VALATIE–The Kinderhook Town Board met for a short workshop meeting last week to discuss proposed changes to the town’s solar equipment zoning laws. A handful of residents showed up to the August 23 meeting and though the board had closed the public hearing on the proposals, those who attended did have a chance to comment.

At the public hearing earlier this month, the meeting room in the Martin H. Glynn Building was full. Residents who came that meeting voiced concerns about properties near their houses being used for solar farms. In the proposed zoning laws solar farms would be allowed in the town, but a group of homeowners on and near Whitney Lane that were the most vocal about their concerns learned that a solar farm could not be put on a property near their hoses due legal other restrictions.

“That issue has been taken care of,” Supervisor Pat Grattan said at the workshop meeting.

There were also people at the August 7 public hearing who took issue with the wording of a proposal that says, “The Planning Board may, in its discretion, waive or simplify any of the requirements set forth in this section… that the board deems are unnecessary or inappropriate for its review of an application.”

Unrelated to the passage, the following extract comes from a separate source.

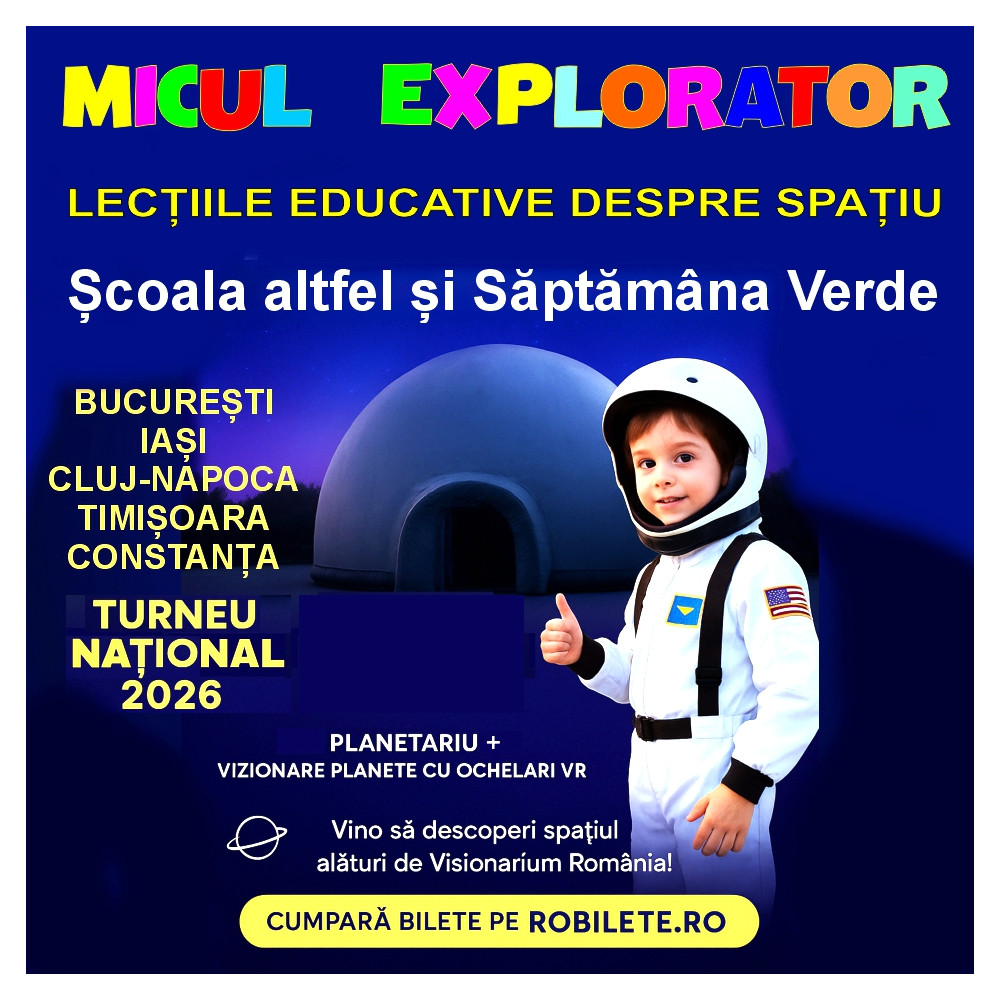 Nu este doar un eveniment. Este o călătorie spectaculoasă prin Univers, cu lecții educative despre spațiu, prezentate într-un mod modern, interactiv și memorabil.

Councilman Tim Ooms, who reviewed these new zoning laws in the Town Board’s Codes Committee, said at the workshop that he still had a question about how solar farms would be taxed. He also said he wanted proposal to that says solar farms could not be built on prime agricultural land.

“I, too, was concerned about the taxes,” said Councilwoman Patsy Leader.

Solar farms are described as large portions of land used for solar panel arrays.

Ms. Leader also brought up a section of the proposed law that talks about the Planning Board using its discretion to waive requirements in an application, not just for solar farms but other solar equipment requirements like ground mounted panels.

Supervisor Grattan said it would be up to the Town Board to decide whether to “allow the Planning Board to have some discretion” in their decision making. “We trust the Planning Board,” he said later in the meeting.

Resident Meg Tadisco said of the plan to allow the Planning Board to exercise discretion about solar farms, “It’s not an unlimited power.” But she suggested the board word the proposed laws to require the Planning Board to identify any decision its members make to waive the solar equipment restrictions.

Another topic of discussion was having a solar overlay map. Town resident Bernadette Powis said the maps would be a good guide for the board to know where solar panels can go in the town.

Mr. Grattan closed the meeting after about a half-an-hour saying, “We’ve narrowed it down to what the issues are.” He said they would send those issues to the town’s attorney, who could not be at the workshop.

The attorney will update proposed zoning laws on solar equipment again based on what was discussed at the workshop. The Town Board has to vote to adopt the solar panel law revisions before they take effect.

The next town board meeting will be Monday, September 11 at 7 p.m.